Bayesian models . | . | RMSE (mm) . | d1 (–) . | PBIAS (%) . | (–) . | RMSE (mm) . | d1 (–) . | PBIAS (%) . |

m.fixed_g.BRIC | 0.941 | 11.6 | 0.680 | 44.6 | 0.933 | 13.7 | 0.794 | 13.3 |

m.fixed_g.EBL | 0.917 | 9.01 | 0.757 | 34.0 | 0.937 | 14.9 | 0.783 | 25.2 |

m.fixed_g.hyper.UIP | 0.943 | 13.0 | 0.647 | 49.0 | 0.917 | 14.1 | 0.801 | 12.9 |

m.fixed_g.UIP | 0.941 | 11.6 | 0.680 | 44.6 | 0.933 | 13.7 | 0.794 | 13.3 |

m.random_g.BRIC | 0.942 | 12.4 | 0.661 | 47.0 | 0.930 | 13.8 | 0.795 | 13.2 |

m.random_g.EBL | 0.917 | 9.01 | 0.757 | 33.9 | 0.937 | 14.9 | 0.784 | 25.3 |

m.random_g.hyper.UIP | 0.942 | 12.4 | 0.661 | 47.0 | 0.903 | 14.6 | 0.800 | 14.0 |

m.random_g.UIP | 0.942 | 12.4 | 0.661 | 47.0 | 0.930 | 13.8 | 0.795 | 13.2 |

m.uniform_g.BRIC | 0.941 | 11.6 | 0.680 | 44.6 | 0.933 | 13.7 | 0.794 | 13.3 |

m.uniform_g.EBL | 0.917 | 9.01 | 0.757 | 34.0 | 0.937 | 14.9 | 0.783 | 25.2 |

m.uniform_g.hyper.UIP | 0.943 | 12.953 | 0.647 | 49.0 | 0.917 | 14.1 | 0.801 | 12.9 |

m.uniform_g.UIP | 0.941 | 11.636 | 0.680 | 44.6 | 0.933 | 13.7 | 0.794 | 13.3 |

Even though there is no significant difference in performance among the 12 Bayesian recharge models, the EBL-based Bayesian models (i.e. m.fixed_g.EBL, m.random_g.EBL, and m.uniform_g.EBL) performed slightly better than the rest of the models in simulating recharge in the Cedar Basin during the validation phase, as shown in Table 4 and Figure 4(a). However, in the Rainy Basin, the hyper.UIP-based Bayesian models (i.e. m.fixed_g.hyper.UIP, m.random_g.hyper.UIP, and m.uniform_g.hyper.UIP) seem to have slightly outperformed the rest of the Bayesian recharge models in the validation phase, as shown in Table 4 and Figure 4(b). There is no significant difference in the Bayesian recharge models' RMSE values between Cedar and Rainy River Basins, as shown in Table 4. Therefore, the average deviation in Bayesian models recharge estimation seems to be uniform.

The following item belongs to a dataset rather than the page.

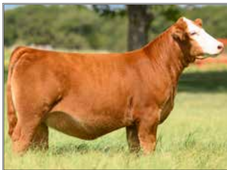
SWC GRACE N MELODY 329G $13,500 MATERNAL SISTER TO LOTS 2A & 2B
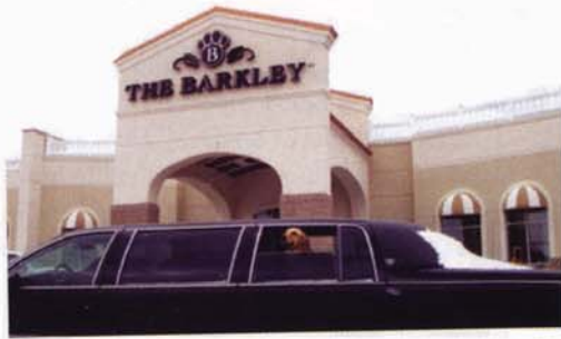
above: LIMO SERVICE IS AVAILABLE FOR YOUR PET WITH DOOR-TO-DOOR SERVICE.

### Relative importance of the climate models outside and inside the Bayesian framework

The performance indices of the 10 climate models outside the Bayesian framework are summarized in Table 2. The models with the strongest agreement with the observed recharge have the highest importance during averaging in the Bayesian framework. As found earlier, RCM3_gfdl has the best performance indices outside the Bayesian framework for the Cedar River Basin, and RCM3_cgcm3 is the best model for the Rainy River Basin. On the other hand, CRCM_ccsm performs the worst for both Cedar and Rainy Basins.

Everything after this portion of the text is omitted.